Extremely low resale prices have made leases riskier for banks and automotive financing companies and more expensive for car shoppers, said David Cole, chairman of the Center for Automotive Research in Michigan.
While some have cut back on leasing – Huntington and Cincinnati-based Fifth Third Bancorp have chosen not to offer leases on vehicles with eight-cylinder engines – other lenders such as Chrysler Financial, the financing arm of Chrysler LLC, and Wells Fargo & Co. have ceased leasing operations altogether.
Banks are taking the losses from all angles. They’re dealing with foreclosures and the subprime fiasco and they’re looking for a way to start making a profit again.

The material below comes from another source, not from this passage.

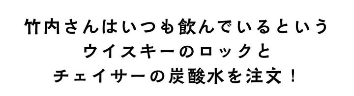 チェイサーにウィルキンソンの炭酸水を添えたが「僕、お酒にめっぽう強いんですよね。チェイサーはあくまでも体のためです」と竹内さん。

When they lose money on auto leases, they have to cut that back or completely.
“The consumer is protected here, the guy that gets stuck with the problem is whoever it was leased from,” Cole said.
Leases must make economic sense for lenders, and segments that don’t must be reduced, said Lou Vitale, who oversees auto loans and leases for Fifth Third in Ohio, Pennsylvania and New York state. In early August the bank stopped making leases on Chrysler vehicles and automobiles with an eight-cylinder motor, he said.
“We’re trying to make sure we’re in the leasing business for a very long time,” Vitale said. “We have to have a portfolio balance.”
Wells Fargo also cited the bottom line in its decision to stop leasing.
“The prime auto lease business is no longer a strategic fit for us, partly because the returns are not acceptable,” the company wrote in its second-quarter earnings filing made with regulators July 16.
It’s unclear when, or if, auto financing businesses and banks will expand leasing again, Vitale said.
“Nothing is forever,” he said. “In a few years from now all these manufactures will have many more fuel-efficient vehicles and many fewer SUVs and pickups, and things will be balanced again.”
Much will depend on gasoline prices, Cole said.
“We could wake up in two to three months with $2.50 a gallon and people will forget what they said and go back to buying a pickup,” he said. “If the value of those used vehicles then jumps dramatically, we’re back into a different cycle.”